By the way the log entry (partner lastonline: 2024-02-06 10:43:30 < local lastonline: 2024-02-12 09:35:45) is confusing. 2024-02-12 was the date of the last update of the "failover config" on DMA-1.
024/02/12 11:11:38.791|SLNet.exe|ActionsOnFirstNonFail|INF|0|173|First success after failures
2024/02/12 11:11:38.791|SLNet.exe|NotifyFailoverInfoChange_Inner|INF|0|173|Refreshing Failover Config...
2024/02/12 11:11:38.792|SLNet.exe|NotifyFailoverInfoChange_Inner|INF|0|173|Refreshed Failover Config
Both DMA did not acquire the VIP so both DMA were offline until I stopped DMA-2 and restarted DMA-1.
How can I prevent the failover system from such a dead-lock ?
Hi Joerg
I'll need to make some assumptions and guesses without knowing the full details how the failover is configured (sync, heartbeat) and without all the log files (mainly SLNet and NATS).

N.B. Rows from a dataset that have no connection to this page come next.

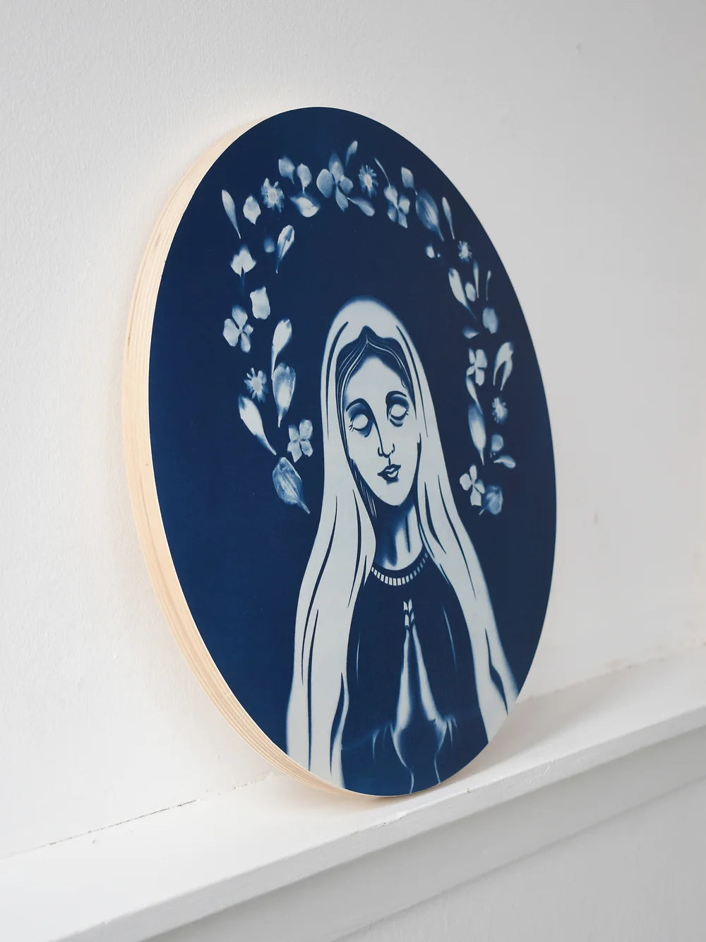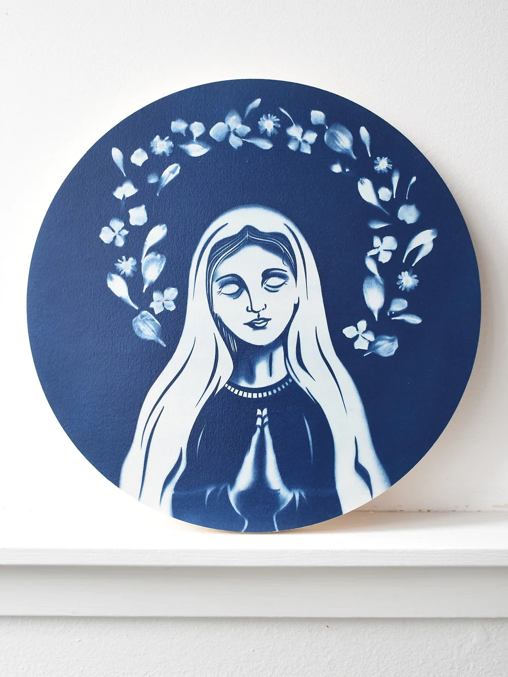 Made using a process called cyanotype. Cyanotype is a photographic printing process that produces a cyan-blue print. Engineers used the process well into the 20th century as a simple way to produce copies of drawings known as blueprints. The process uses two chemicals, ferric ammonium citrate and potassium ferricyanide, the sun and a lot of patience mingled with grace. Each piece is unique and perfect in its imperfection. No two colors are exactly the same based on the amount of sun exposure and brightness at the time. Lines, gradient and water spots may be present and are all part of this unique process.
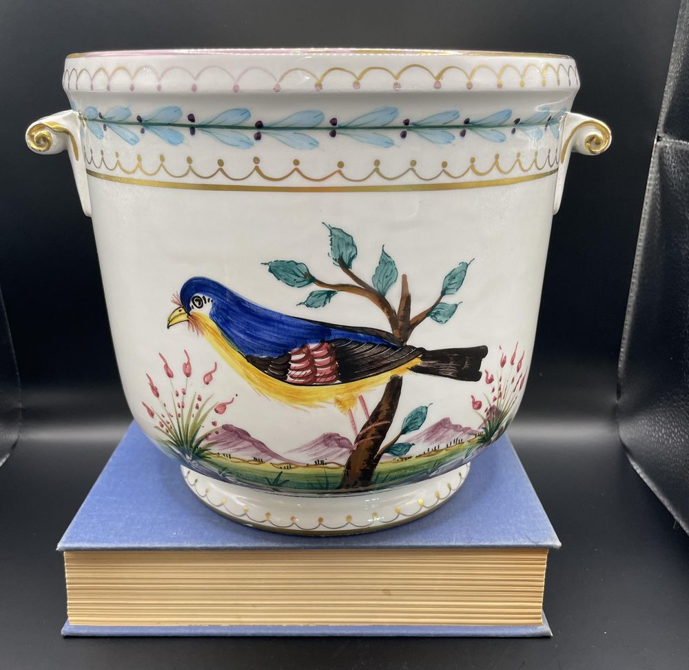 Este Ceramiche Porcellane Italy Cache Pot. Nice hand painted scene of bird with a background of Italian countryside. The rim and handles are accented with gilt gold. Measures 7.25" tall by 9.5" wide. Small losses to glaze along the rim.
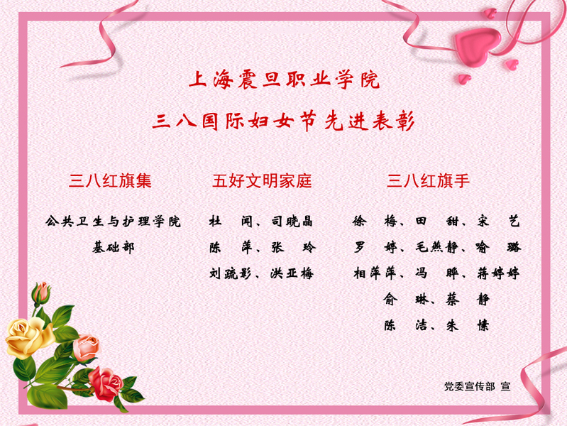 大會首先由王純玉副校長宣讀《上海震旦教育集團(tuán)2017年度“三八”紅旗集體、“三八”紅旗手、“五好”文明家庭獲獎名單》,與會領(lǐng)導(dǎo)為受表彰的先進(jìn)女教職工頒發(fā)榮譽(yù)證書。學(xué)校基礎(chǔ)部袁琨老師和機(jī)電工程學(xué)院陳萍老師分別代表三八紅旗集體和五好文明家庭上臺發(fā)言。

Both agents are indicating that "all heartbeat paths are failing (prevent ping-pong)"
In a normal scenario, when the offline agent detects a failing heartbeat on the online agent, it'll take over.
Now all heartbeats are failing, meaning it's possible that both agents would constantly be switching (i.e. ping-pong).
=> To prevent this, both agents remain in their offline or online state. Which was the case here.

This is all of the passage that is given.